Question

Find maximum acceleration of a monkey of mass $5kg$, so that the block remains stationary.

A) $5m{s^{ - 2}}$
B) $10m{s^{ - 2}}$
C) $20m{s^{ - 2}}$
D) $6.67m{s^{ - 2}}$

Answer 1

The block has to remain stationary, which means the net force on the block will be zero. So, the friction force should be working at its maximum on the block, that will be opposing the motion of the block in forward direction, which is due to the tension created in the string due to the motion of the monkey.

Complete step by step answer:
Maximum friction force $fr$ acting on the block in backward direction is $\mu N$
Where $\mu$ is coefficient of friction and
$N$ is a normal reaction of the block.
And $N = mg$
Where $m$ is mass of block and $g$ is gravity.
So, $fr = \mu mg$
Using values given in question, we get
$fr = 0.5 \times 20 \times 10$
On solving this we get
$fr = 100N$
Now, the force acting on the block in forward direction ( $F$ ) is the force by which the rope is pulling the block in forward direction.

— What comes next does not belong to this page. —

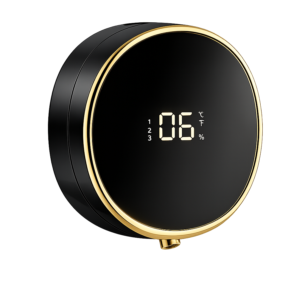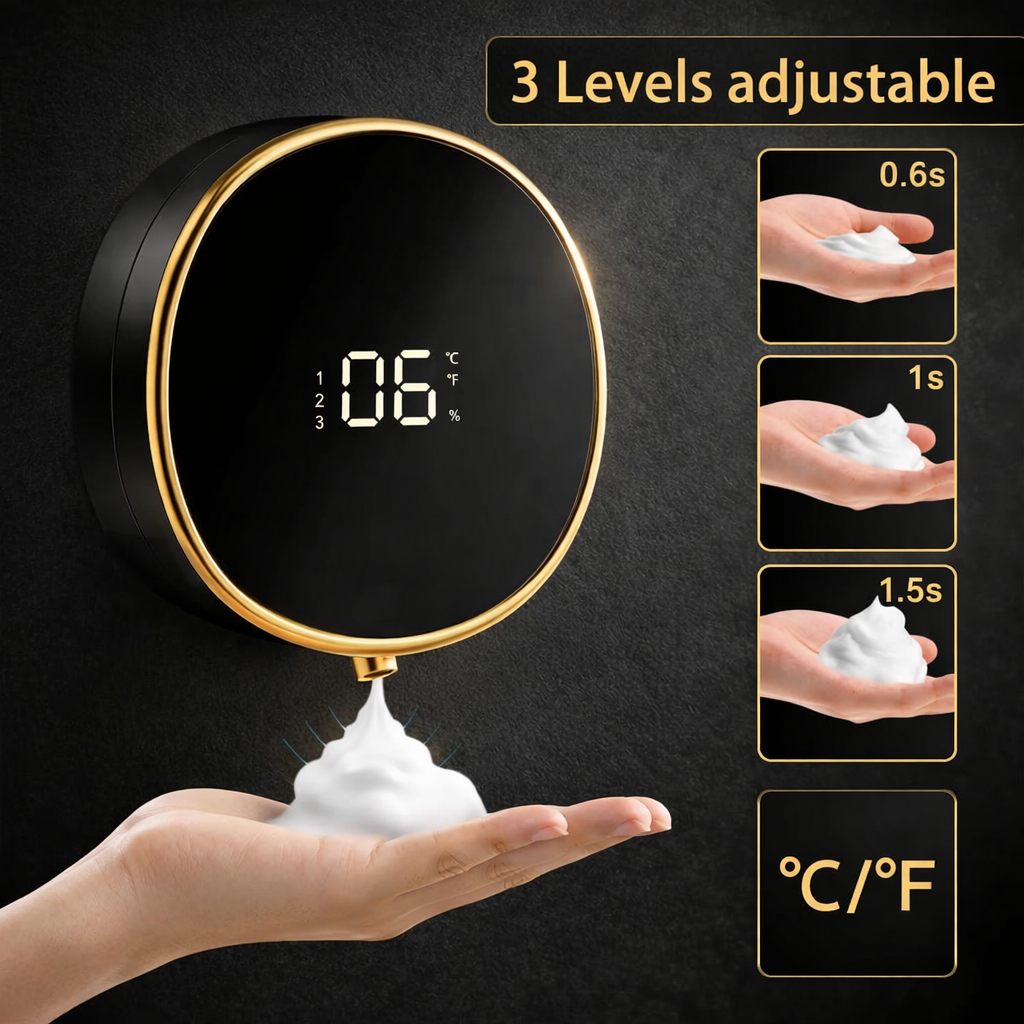 A modern hands-free soap dispenser with intelligent infrared sensing and adjustable foam levels. Features a built-in LED display showing temperature and battery status. Rechargeable, space-saving, and perfect for bathrooms, kitchens, and commercial spaces.

And the force by which rope is pulling is the sum of weight of monkey and the force by which monkey is pulling rope, that is, mass of monkeys times it’s upward acceleration.
So, $F = {m_{monkey}}g + {m_{monkey}}a$
Where $a$ is maximum acceleration by which monkey can move upwards so that the block doesn’t move.
Using values given in question we get,
$F = 5 \times 10 + 5 \times a$
On solving, we get,
$F = 50 + 5a$
Now, $F = fr$ So that net force on the block is zero, that is, block doesn’t move.
So, we get
$50 + 5a = 100$
On further solving we get,
$a = 10m{s^{ - 2}}$
So, the maximum acceleration by which monkey can move upward so that the block doesn’t move is $10m{s^{ - 2}}$
Hence the correct answer is option (B)

Note: The force by which rope is pulling is the sum of weight of monkey and the force by which monkey is pulling rope because the weight of monkey and monkey pulling force on the rope will be both in downward direction and this whole force is applied to rope in downward direction.